Namun perjanjian itu tidak boleh melanggar batas-batas hukum, agama, dan kesusilaan. UU Perkawinan tak menyinggung sama sekali mengenai janji menikahi yang kemudian diingkari.
Meskipun sudah ada yurisprudensi, tak semua gugatan atas janji menikahi yang diingkari diterima oleh hakim.
Dalam salah satu putusan tertanggal 23 Februari 2013, Mahkamah Agung menolak permohonan kasasi Penggugat asal.
Dalam petitumnya di tingkat pertama, Penggugat asal meminta majelis hakim menyatakan Tergugat telah ingkar janji untuk menikahi Penggugat.
Namun argumentasi Penggugat ditepis majelis.
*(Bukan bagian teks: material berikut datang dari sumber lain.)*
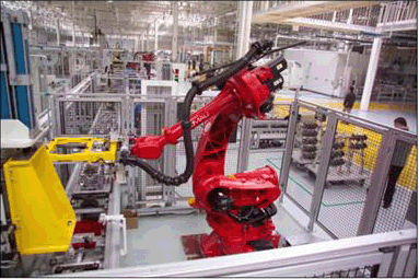 在另一項汽車智能化制造的實例中,一條基于機器人的汽車焊接自動化生產(chǎn)線,其研制的智能高速柔性自動化焊裝線,用來滿足白車身生產(chǎn)對高綱領、高節(jié)拍、高柔性、自動化、智能化焊裝線的生產(chǎn)需求,并實現(xiàn)了以下五項基本功能:一是智能切換,實現(xiàn)了關鍵焊接工位白車身總成車型切換及定位焊接;二是高速輸送設備,實現(xiàn)了工位間精確高速傳輸;三是質(zhì)量控制,可在線檢測白車身焊接后的幾何精度;四是機器人焊接,實現(xiàn)了白車身總成的焊接及搬運;五是生產(chǎn)控制系統(tǒng),采用了基于工業(yè)總線技術的智能控制系統(tǒng)。

Majelis hakim agung beralasan Penggugat tidak dapat membuktikan dalil-dalilnya telah menyerahkan keperawanan kepada Tergugat asal setelah Tergugat asal berjanji akan menikahi Penggugat.
Dalam bukunya Himpunan Jurisprudensi Indonesia yang Penting untuk Praktek Sehari-Hari (Landmark Decisions), Sudargo Gautama mencatat bahwa putusan 8 Februari 1986 itu mungkin yang pertama kali di Indonesia masalah tidak menepati janji untuk melangsungkan perkawinan dianggap sebagai perbuatan melawan hukum, dan diikuti keharusan membayar ganti rugi.